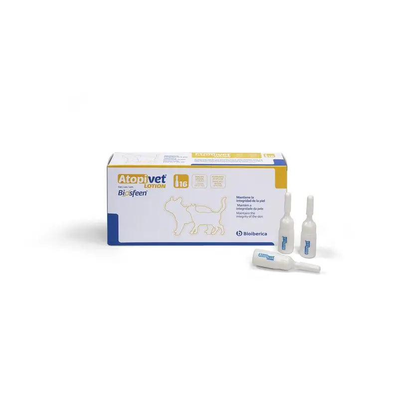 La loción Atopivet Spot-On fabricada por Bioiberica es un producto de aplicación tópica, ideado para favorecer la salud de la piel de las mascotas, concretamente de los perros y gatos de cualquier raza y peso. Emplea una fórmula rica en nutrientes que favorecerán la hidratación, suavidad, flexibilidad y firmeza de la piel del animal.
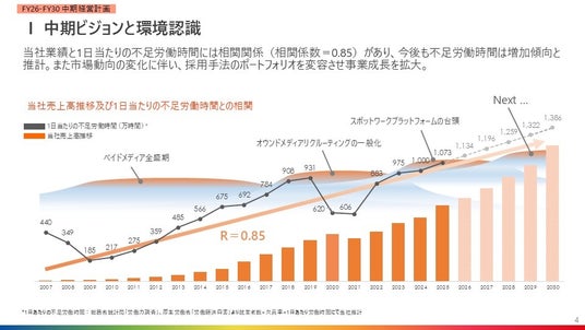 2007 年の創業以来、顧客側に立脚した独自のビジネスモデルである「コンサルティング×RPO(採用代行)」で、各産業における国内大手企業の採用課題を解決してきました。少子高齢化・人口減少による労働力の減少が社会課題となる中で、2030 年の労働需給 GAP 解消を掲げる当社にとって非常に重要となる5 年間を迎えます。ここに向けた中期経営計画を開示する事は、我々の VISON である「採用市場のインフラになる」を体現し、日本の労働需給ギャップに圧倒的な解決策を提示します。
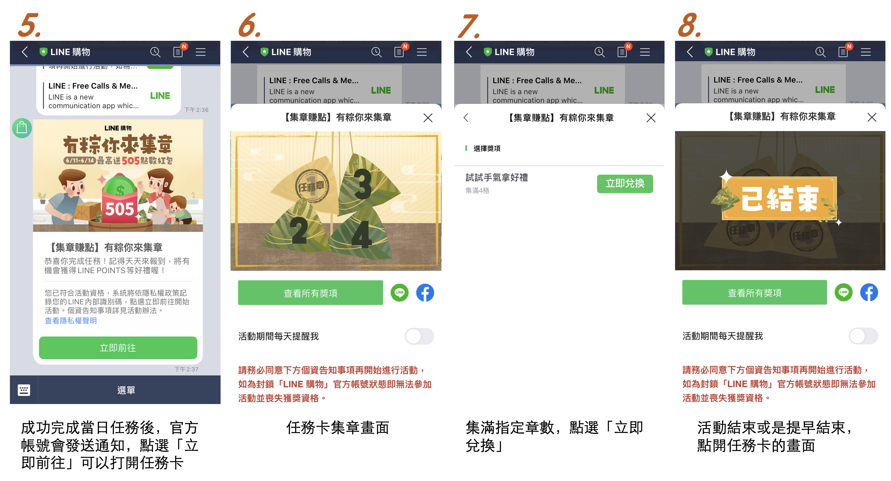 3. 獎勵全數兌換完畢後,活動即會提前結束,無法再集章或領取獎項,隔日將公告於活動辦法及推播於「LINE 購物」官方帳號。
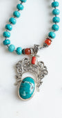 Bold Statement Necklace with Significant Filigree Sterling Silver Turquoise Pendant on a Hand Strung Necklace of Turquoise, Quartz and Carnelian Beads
□ □ □ □ □
▶ **Aim of the task**: For each line above, output its wording exactly and leave out any picture.

▶ **Worked solution**:
 La loción Atopivet Spot-On fabricada por Bioiberica es un producto de aplicación tópica, ideado para favorecer la salud de la piel de las mascotas, concretamente de los perros y gatos de cualquier raza y peso. Emplea una fórmula rica en nutrientes que favorecerán la hidratación, suavidad, flexibilidad y firmeza de la piel del animal.
 2007 年の創業以来、顧客側に立脚した独自のビジネスモデルである「コンサルティング×RPO(採用代行)」で、各産業における国内大手企業の採用課題を解決してきました。少子高齢化・人口減少による労働力の減少が社会課題となる中で、2030 年の労働需給 GAP 解消を掲げる当社にとって非常に重要となる5 年間を迎えます。ここに向けた中期経営計画を開示する事は、我々の VISON である「採用市場のインフラになる」を体現し、日本の労働需給ギャップに圧倒的な解決策を提示します。
 3. 獎勵全數兌換完畢後,活動即會提前結束,無法再集章或領取獎項,隔日將公告於活動辦法及推播於「LINE 購物」官方帳號。
 Bold Statement Necklace with Significant Filigree Sterling Silver Turquoise Pendant on a Hand Strung Necklace of Turquoise, Quartz and Carnelian Beads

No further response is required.